Unhewn Throne 01 - The Emperor's Blades(62)
“For what?” Laith asked.
“To meet a soldier.”
They exchanged a look.
“Well,” Gent said, “I don’t understand much about Annick, but she ain’t a man.”
Valyn waved the objection aside. “We don’t know that it was a man who killed Amie—we know it was a soldier.”
A light breeze had picked up off the harbor, heavy with salt and low tide. Somewhere close by, a man and woman were screaming at each other, either in the street or in one of the sad hovels like the one where Amie and Rianne lived. It went on for a few moments before the woman let out a sharp cry of pain, then fell silent.
“A woman wouldn’t do that to another woman,” Lin said finally.
“Kettral aren’t like other people,” Valyn said. “And Kettral women certainly aren’t like other women.” He tried to lighten the tone of the final comment, but there wasn’t much levity to be had.
“But why?” Gent asked, his blunt features screwed tight in concentration. “Why would Annick want to kill her? To do … that?”
“Why does that bitch do anything?” Laith replied. “She’s crazy as a blind fox in a locked henhouse.”

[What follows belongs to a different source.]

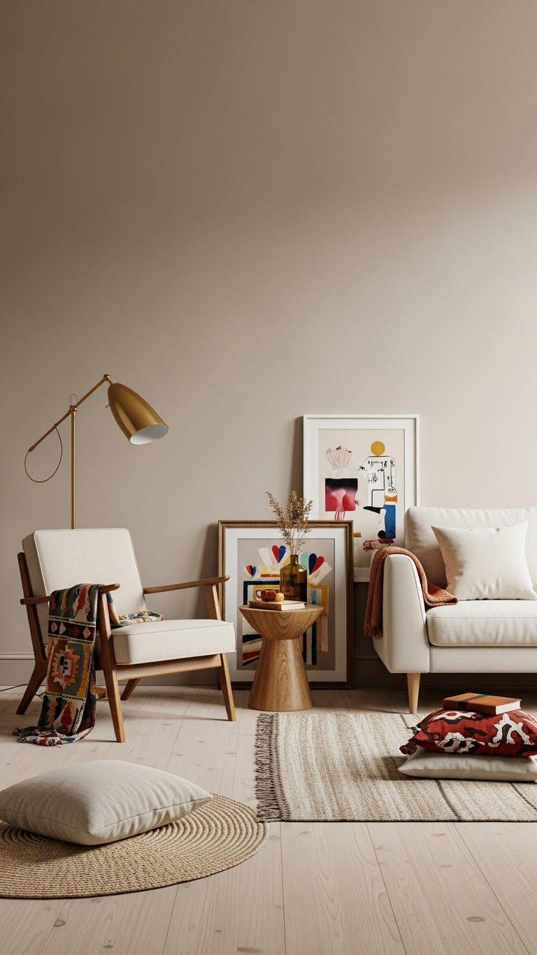 Against a calm, neutral backdrop your eclectic pieces can truly sing — muted walls, simple flooring, and restrained upholstery give vintage finds and bold accessories room to breathe.

Though Annick was only fifteen years old, the hardened Kettral trainers joked that she had a rock for a heart and steel for a stomach. She ate by herself in the mess hall, trained by herself on the archery range, and if the rumor was true, slept with her bow lying beside her in her bunk. The idea that she might visit Manker’s for a cup of ale and some idle chatter seemed about as likely as a shark strolling out of the sea on its fins to ask for a bowl of soup.
“Annick might be crazy,” Valyn said quietly, “but she’s deliberate. She could do something like this.”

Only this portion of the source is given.